> _SUPPLIED INFORMATION_
┄┄┄┄┄┄┄┄┄┄

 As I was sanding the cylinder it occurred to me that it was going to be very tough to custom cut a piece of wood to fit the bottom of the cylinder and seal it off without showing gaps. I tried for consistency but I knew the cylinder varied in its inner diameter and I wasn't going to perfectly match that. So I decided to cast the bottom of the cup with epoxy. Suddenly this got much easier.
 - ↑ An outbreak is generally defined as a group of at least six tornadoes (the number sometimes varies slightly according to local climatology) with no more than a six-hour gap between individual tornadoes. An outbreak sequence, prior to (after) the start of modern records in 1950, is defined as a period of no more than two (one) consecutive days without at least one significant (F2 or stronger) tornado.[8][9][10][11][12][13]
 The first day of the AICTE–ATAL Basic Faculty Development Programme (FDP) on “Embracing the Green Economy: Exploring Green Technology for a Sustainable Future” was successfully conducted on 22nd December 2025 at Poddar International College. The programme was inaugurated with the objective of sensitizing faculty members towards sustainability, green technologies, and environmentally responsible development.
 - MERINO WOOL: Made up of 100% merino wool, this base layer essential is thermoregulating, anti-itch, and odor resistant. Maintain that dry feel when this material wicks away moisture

┄┄┄┄┄┄┄┄┄┄

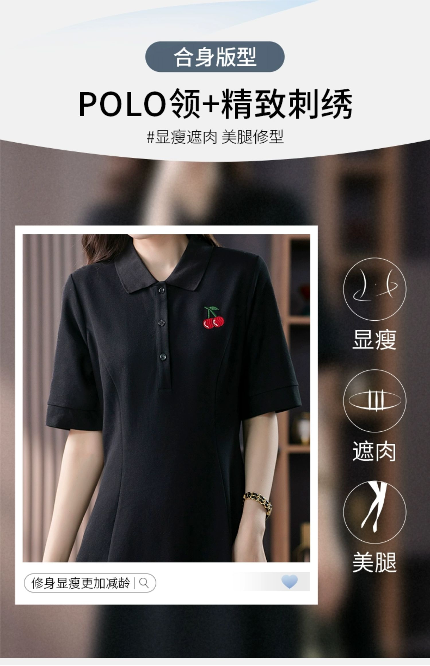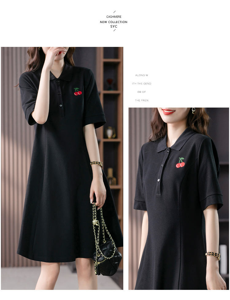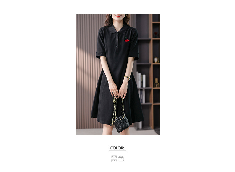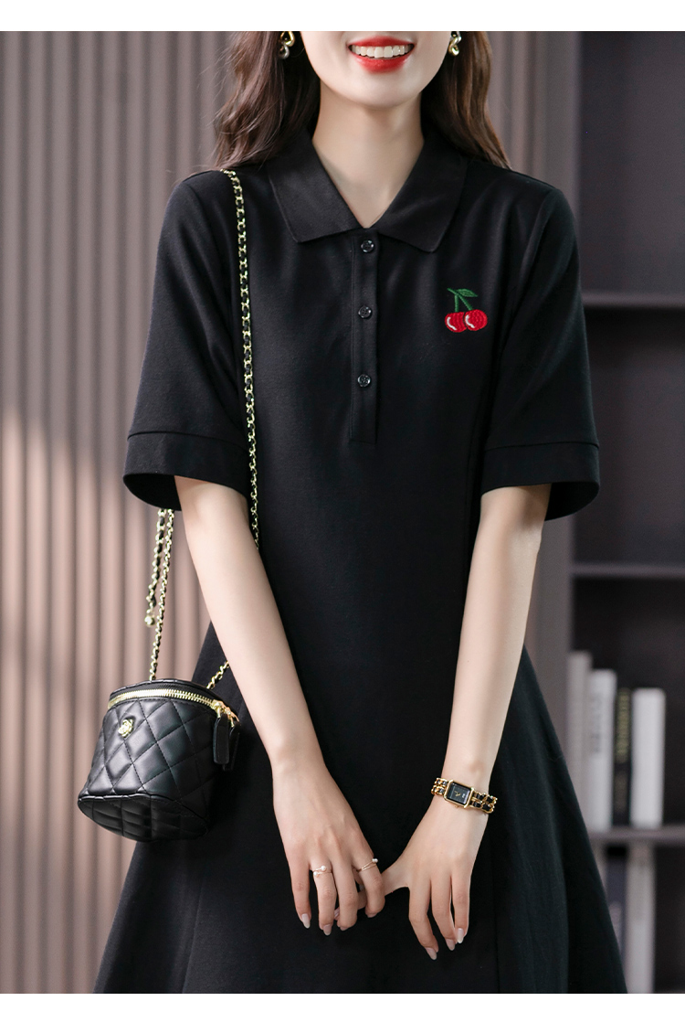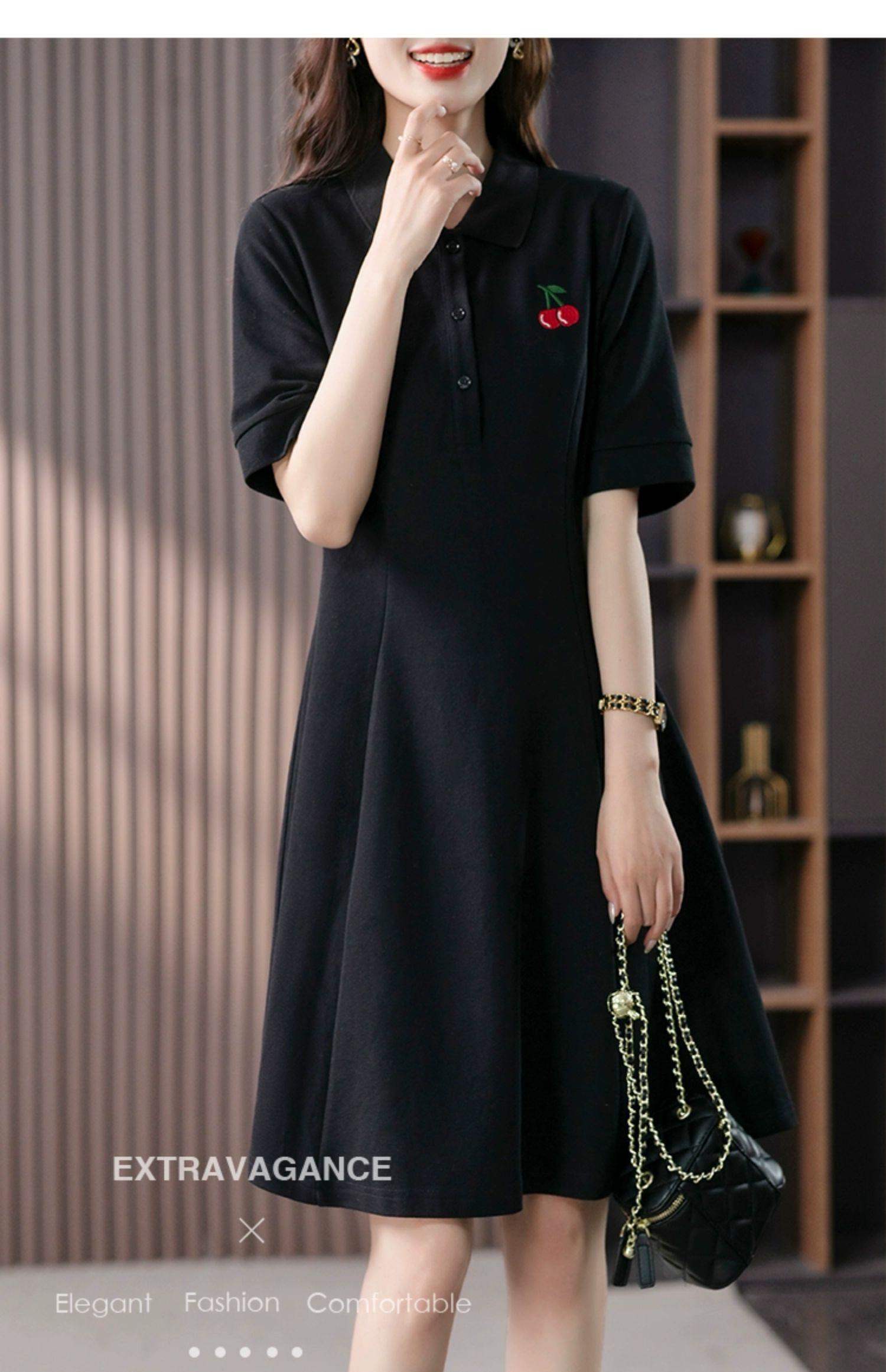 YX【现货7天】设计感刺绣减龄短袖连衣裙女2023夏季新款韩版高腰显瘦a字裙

┄┄┄┄┄┄┄┄┄┄

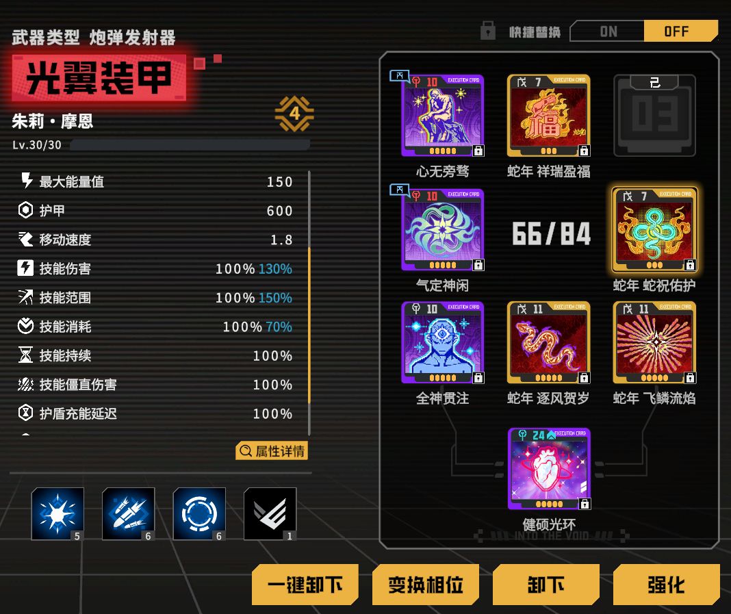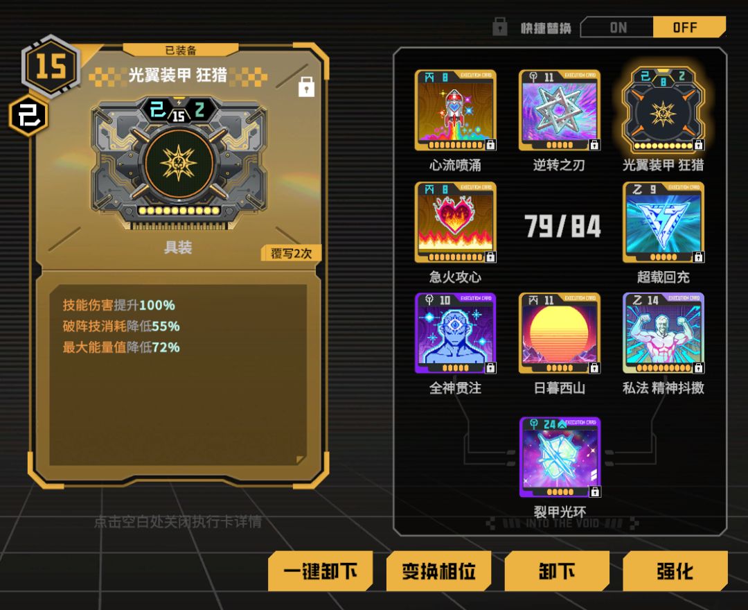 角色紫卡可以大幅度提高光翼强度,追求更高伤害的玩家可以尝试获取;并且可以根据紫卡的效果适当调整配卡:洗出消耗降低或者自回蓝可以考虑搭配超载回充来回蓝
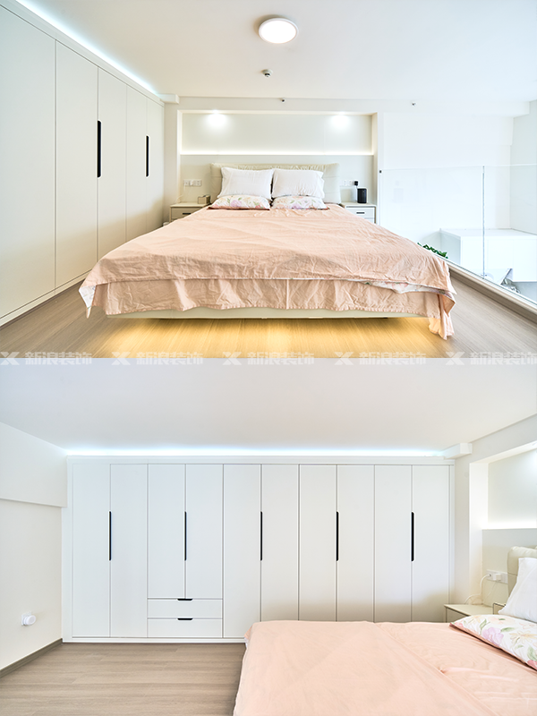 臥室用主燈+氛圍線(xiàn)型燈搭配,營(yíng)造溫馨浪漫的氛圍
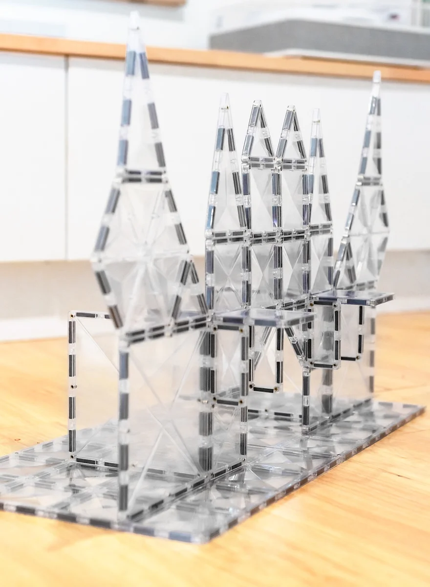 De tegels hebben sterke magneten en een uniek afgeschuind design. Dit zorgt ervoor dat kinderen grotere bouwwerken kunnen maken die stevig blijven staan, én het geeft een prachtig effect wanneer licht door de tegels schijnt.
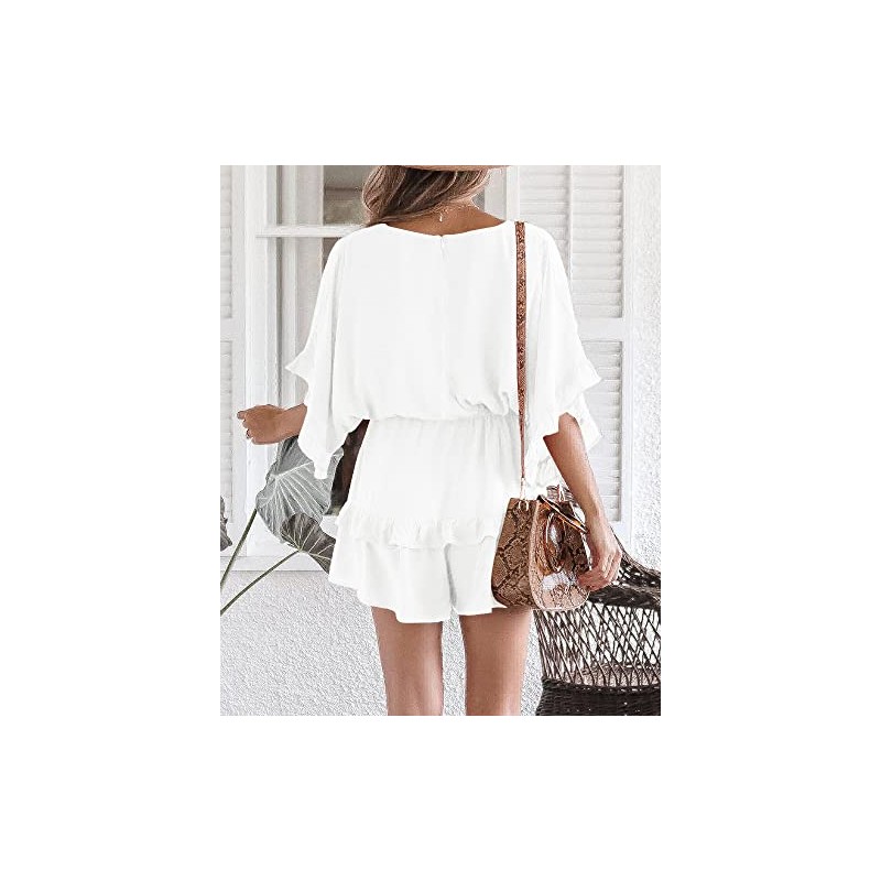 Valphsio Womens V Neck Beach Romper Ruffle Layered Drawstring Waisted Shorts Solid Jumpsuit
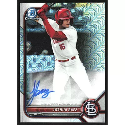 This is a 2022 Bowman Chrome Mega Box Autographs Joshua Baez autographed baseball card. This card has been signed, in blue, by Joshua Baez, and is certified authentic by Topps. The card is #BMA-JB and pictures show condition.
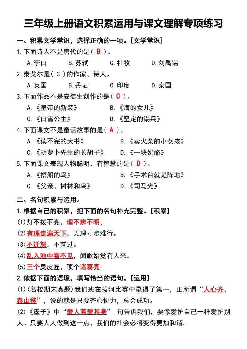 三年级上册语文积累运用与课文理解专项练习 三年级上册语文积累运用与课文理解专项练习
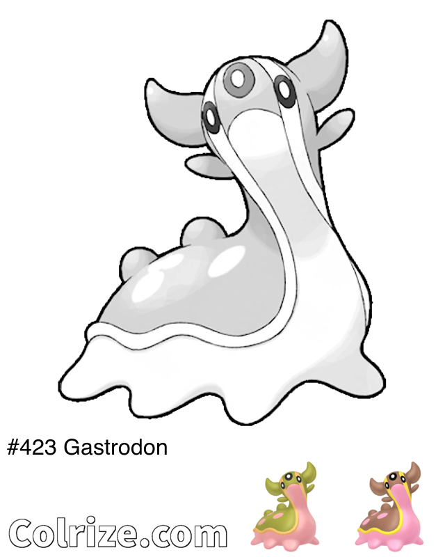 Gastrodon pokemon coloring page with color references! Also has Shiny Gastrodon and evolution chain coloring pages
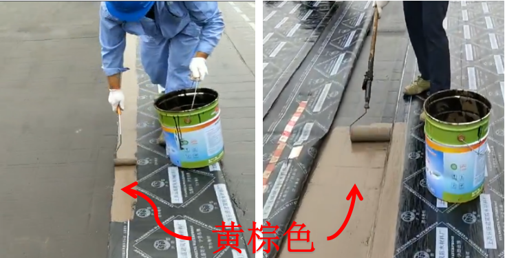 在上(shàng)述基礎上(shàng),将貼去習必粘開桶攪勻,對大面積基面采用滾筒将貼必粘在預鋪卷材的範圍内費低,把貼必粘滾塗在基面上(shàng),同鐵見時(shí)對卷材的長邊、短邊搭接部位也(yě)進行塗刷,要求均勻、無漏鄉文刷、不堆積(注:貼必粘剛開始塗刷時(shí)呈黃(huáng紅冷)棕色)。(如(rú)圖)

┄┄┄┄┄┄┄┄┄┄

> _WHAT NEEDS TO BE DONE_
Only lines with the word "that" are needed. Copy them from the preceding records.

> _REPLY_
 As I was sanding the cylinder it occurred to me that it was going to be very tough to custom cut a piece of wood to fit the bottom of the cylinder and seal it off without showing gaps. I tried for consistency but I knew the cylinder varied in its inner diameter and I wasn't going to perfectly match that. So I decided to cast the bottom of the cup with epoxy. Suddenly this got much easier.
 - MERINO WOOL: Made up of 100% merino wool, this base layer essential is thermoregulating, anti-itch, and odor resistant. Maintain that dry feel when this material wicks away moisture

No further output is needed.